Her turn to scrutinize the moon and not say anything.
They kept on. Residential houses now—old, Gothic
models that he’d noticed were common here in the Hudson Valley. Iron fences and lushly neglected yards. Televisions flickered blue in certain windows, projecting phantom lovemaking, train wrecks, explosions, murder. Fires glowed inside jack-o’-lanterns. Lawn gnomes crouched with feral aspects in the long, wet grass.
He loved how she walked. Somewhere between a sway and a shuffle, arms swinging loose, head turning on a swivel in the manner of every professional fighter he’d ever known. She possessed a sort of animal grace that wasn’t conscious of itself, but alert to everything occurring within its environment. Heat emanated from her in waves.
He shivered. “Do you go armed, considering the situation?”
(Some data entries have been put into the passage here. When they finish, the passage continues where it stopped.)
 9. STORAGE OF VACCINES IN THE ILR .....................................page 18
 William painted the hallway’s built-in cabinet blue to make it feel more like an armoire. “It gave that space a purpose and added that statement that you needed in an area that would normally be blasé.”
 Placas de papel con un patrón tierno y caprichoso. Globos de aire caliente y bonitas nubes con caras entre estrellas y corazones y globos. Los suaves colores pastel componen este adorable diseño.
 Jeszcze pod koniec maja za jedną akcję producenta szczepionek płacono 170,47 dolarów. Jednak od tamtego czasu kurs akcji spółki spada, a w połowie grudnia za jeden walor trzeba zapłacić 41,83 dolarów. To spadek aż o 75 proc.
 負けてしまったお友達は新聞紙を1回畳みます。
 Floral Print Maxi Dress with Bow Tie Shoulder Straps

“Yeah, sometimes. When I’m not sure of where I’m headed or who I’m meeting. Then I carry a blade.”
“Got it on you now?”
“Nope.” She kind of smiled and patted his arm. “Didn’t figure I needed it. Besides, I’m a weapon. You’re safe as houses with me.”
“I’m sure.”
“Ask me where I got the knife.”
“The knife you should be packing, but aren’t?”
“Yep. Haha, I did carry it this afternoon when I met the realtor.”
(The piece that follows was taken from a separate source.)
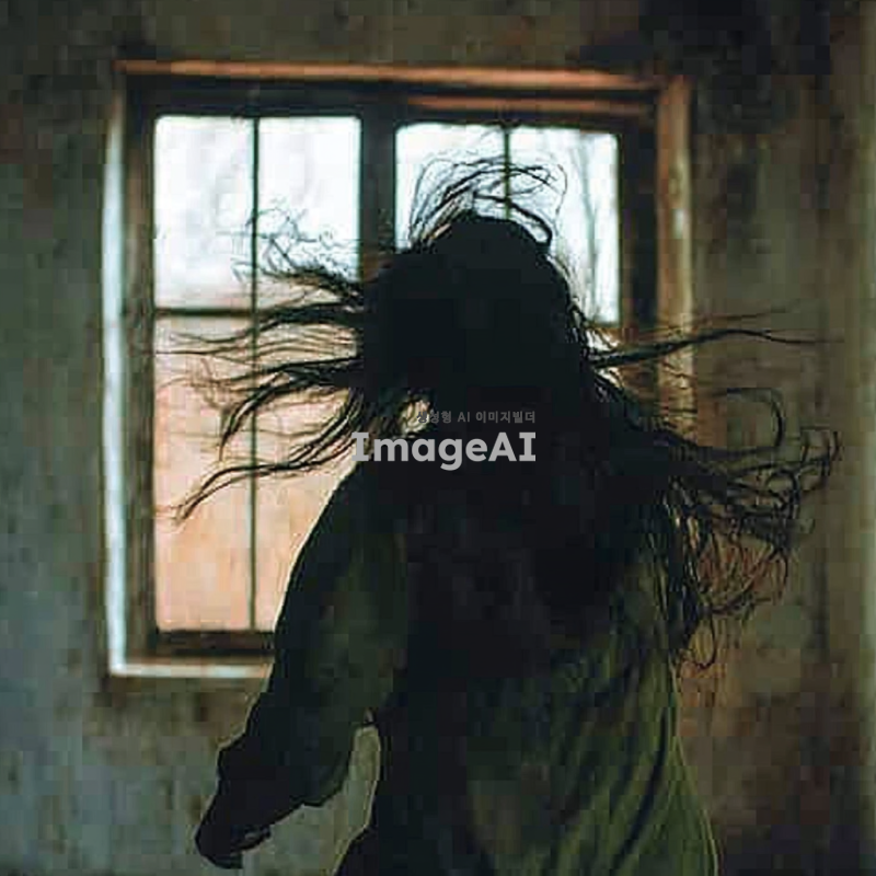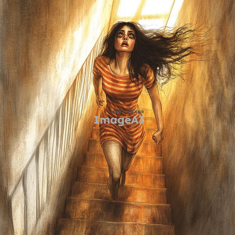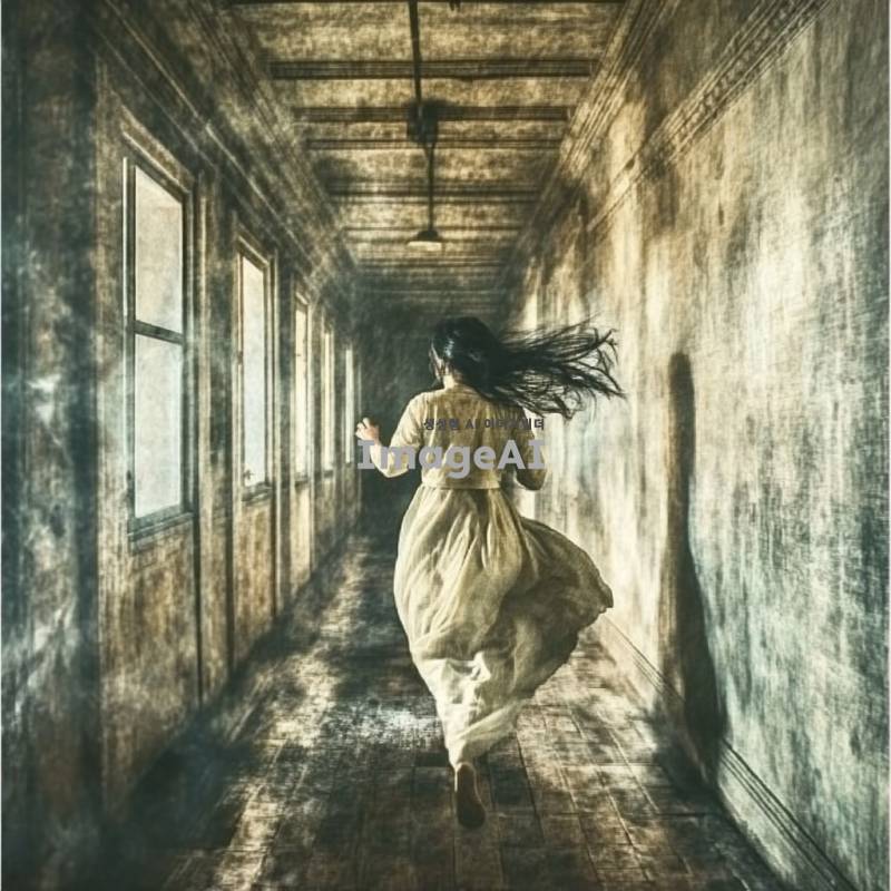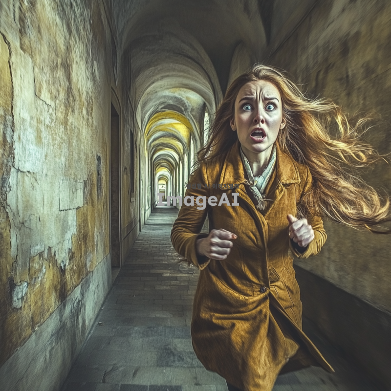 어두운 복도를 뛰어가며 공포에 질린 아름다운 여성의 모습, 긴 머리가 바람에 휘날리며, 두려움에 찬 눈빛, 어두운 그림자와 불빛이 교차하는 분위기, 긴장감 넘치는 상황, 사실적인 스타일

“Okay. Where did you get the knife?”
“From the Sneaky Fucking Russian.”
“Let me guess—he’s a karate guy.”
She grinned. “Right on. Speaking of the mob, this dude’s got the swagger. Broken nose and gin blossoms, wears heavy jewelry and a track suit. Thick accent. Eyes like pennies. A scowl mean enough to make a Spetsnaz drop his AK. Kinda skulks around. He asked me out about a hundred times when he first arrived at the dojo. He got more and more belligerent about the whole thing. Finally he exploded and demanded to know what was wrong with me that I wouldn’t date him. Shouting and stomping his foot, the whole routine. I told him this was unacceptable behavior and to piss off before he got kicked out onto the street. Very tedious.”
“Ah, an old school eastern gentleman. I like those guys all right.”
“Do you?”
“Yeah. They tend to be tough, loyal, no nonsense types. I got a soft spot for that. He’d probably make a great boyfriend after you slap him around a little.”